The doctrine of islam is the teachings of koran. If you ask any muslim a specific, straight forward question like this, “Do you believe the koran is the perfect word of god?” be prepared for the fundamentalist answer: “Yes.” This answer does not come only from some fringe element, some extreme radical group of the religion, but the mainstream, from the average muslim. If pressed about what constitutes the difference between a good muslim and a poor one, you will find out from the muslim that how closely the koran is followed determines this status. Why we delude ourselves to think that there will be some maturation of this mainstream fundamentalist thinking with exposure to western secular values is simply as mystifying as it is foolish and dangerous. (The latest evidence is from a trio of high school graduates – who classmates describe as normal and nice and typical – from London, ON who converted to islam, and then participated in mass murder in an attack on gas workers in Algeria.) The motivating factor for this travesty of misdirected young lives was islam. It was not New Atheists!

Those muslims who speak publicly about the evolution of the religion from its violent origins to become what it is not, namely, a tolerant, moderate, living doctrine that respects the rights and freedoms of its members similar to liberalized christianity and judaism, are not speaking on behalf of the religion as good muslims and they know it. The listener – eager to show common cause in the name of secular values like tolerance and respect for the beliefs of others – is ripe for the picking. Such muslims who speak publicly about islam, as if it were an equivalently tolerant religion to those who wish it were, are not moderate muslims at all and do not represent the majority: they are poor muslims by definition… unless they are lying to your face in order to promote by stealth the advancement of islam and shari’a into the public domain. This technique is called taqiyya (for anyone unaware of its religious approval) and it describes why and on what koranic authority this intentional deceit (that fools well meaning but gullible people in secular democracies) is the right thing to do for a good muslim!
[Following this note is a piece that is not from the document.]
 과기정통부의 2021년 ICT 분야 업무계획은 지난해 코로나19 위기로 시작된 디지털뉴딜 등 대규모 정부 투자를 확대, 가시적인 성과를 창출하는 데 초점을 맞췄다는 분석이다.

At the end of the day, the point of the doctrine of islam is to live a godly life, and by faith this means living under god’s law, which is not compatible with either the secular principles of tolerance and respect showered on its adherents in the West. This law is shari’a and it is incompatible in authority with your individual rights of autonomy, your individual freedoms for legal equality, your secular principles of tolerating and accommodating religious differences, your allegiance to your nation. Shari’a is incompatible with the foundational principles of western liberal secular democracies. These are the facts and not some imaginary racist assertions meant to to slander.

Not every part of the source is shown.